There is another power with which China has long had a difficult relationship. This is India. Although India is China’s neighbor on land and not at sea, its naval plans are probably closely monitored in the Middle Kingdom. Today, India already has two aircraft carriers. One of them is called Vikramaditya - it, like Liaoning, is a Soviet-built ship. Initially, it was named “Admiral of the Fleet of the Soviet Union Gorshkov” (project 1143.4) and was sold to India by Russia in 2004. The second aircraft carrier is much older: it was built by the British company Vickers-Armstrong back in 1959, and sold to India in 1987. It is scheduled to be written off in 2017.
At the same time, India launched a program to build a new class of aircraft carriers, already on its own. This class called Vikrant will include (as of today) two ships - Vikrant and Vishai. The first of them was launched last year, although due to financial difficulties, the adoption of the ship into service was postponed until 2018. The ship has a “springboard” characteristic of Soviet designs, calculated on the operation of 12 Russian-made MiG-29K fighters. Also, the aircraft carrier will be able to take on board eight light HAL Tejas locally produced fighters and ten Ka-31 or Westland Sea King helicopters.
Western military experts agree that the Chinese aircraft carrier program is more a political declaration of intent than an important step in military development, and the Chinese aircraft carrier ships will not be able to seriously compete with American naval forces.
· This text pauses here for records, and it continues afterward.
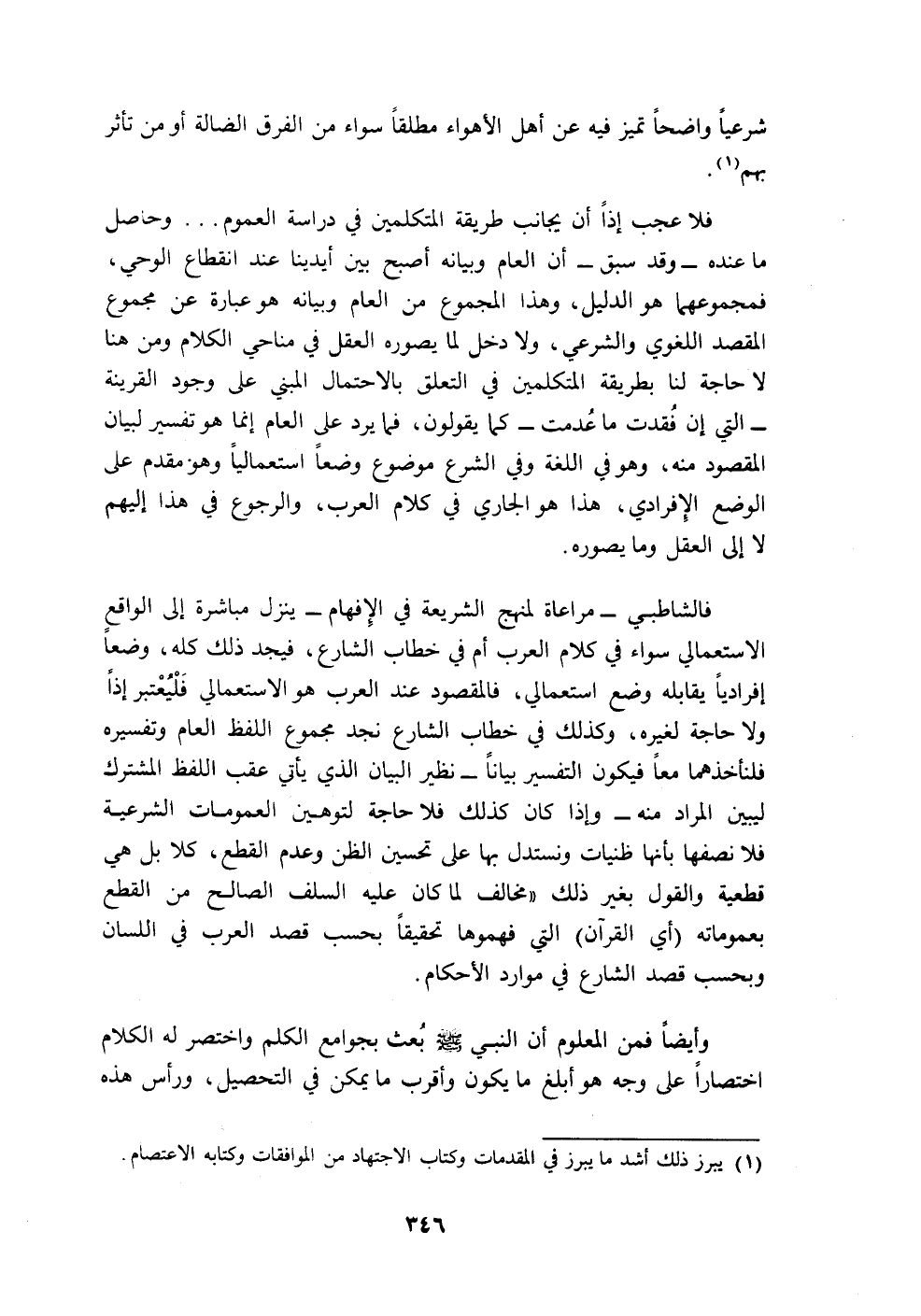 فلا عجب إذًا أن يجانب طريقة المتكلمين في دراسة العموم ... وحاصل ما عنده -وقد سبق- أن العام وبيانه أصبح بين أيدينا عند انقطاع الوحي، فمجموعهما هو الدليل، وهذا المجموع من العام وبيانه هو عبارة عن مجموع المقصد اللغوي والشرعي، ولا دخل لما يصوره العقل في مناحي الكلام ومن هنا لا حاجة لنا بطريقة المتكلمين في التعلق بالاحتمال المبني على وجود القرينة -التي إن فُقدت ما عُدمت- كما يقولون، فما يرد على العام إنما هو تفسير لبيان المقصود منه، وهو في اللغة وفي الشرع موضوع وضعًا استعماليًا وهو مقدم على الوضع الإِفرادي، هذا هو الجاري في كلام العرب، والرجوع في هذا إليهم لا إلى العقل وما يصوره.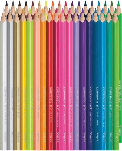 Sæt med 36 farveblyanter MAPED Color'Peps i et praktisk etui glæder både skoleelever og kreative voksne. De har ergonomisk trekantet krop, blød og holdbar stift samt klare, mættede farver, inklusive sølv, guld og 3 fluorescerende nuancer.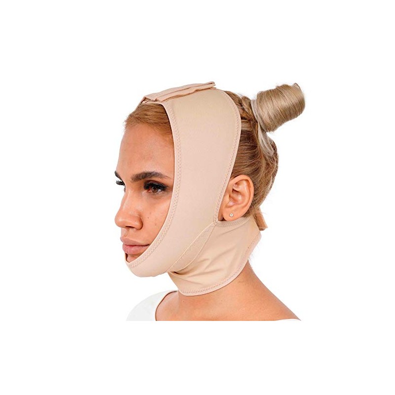 - Wrinkles and bulges can be a matter of concern after surgery; so the chin neck compression garment serves as a chin and neck slimmer especially for post surgery face compression since it is very important to ensure that the skin is healthy, tight and able to breathe after surgery. These bandages for women support the functioning of face muscles as surgeries may cause strain on skin. Post surgery straps also have a micro-massage feature thanks to their special weaving technique.

China is able to solve security issues in the near waters based on land bases, and the PLA Navy is not yet able to express itself seriously in the open ocean. However, if we consider aircraft carriers as an indispensable attribute of a great power, then the symbolic meaning of China's plans can be understood. Yes, and it is worthless to lag behind India.The article “Demonstration of the flag” was published in the journal Popular Mechanics (No. 3, March 2014).